▶ **EXERCISE GOAL**:
Your answer should be an exact copy of the lines from the one holding "46 Nasi Goreng With Half Spring Chicken 13.80" to the end of the material below, pictures left out.

AVAILABLE DATA START

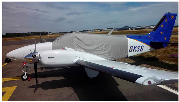
Baron Extended Canopy Cover, Pitot Cover and Cowl Top Plugs
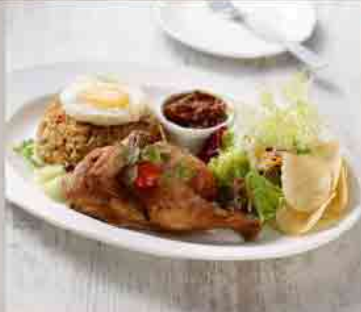
46 Nasi Goreng With Half Spring Chicken 13.80
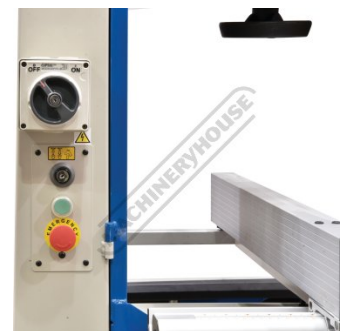
Keyed Safety Switch

AVAILABLE DATA END

▶ **EXERCISE OUTPUT**:
46 Nasi Goreng With Half Spring Chicken 13.80
Keyed Safety Switch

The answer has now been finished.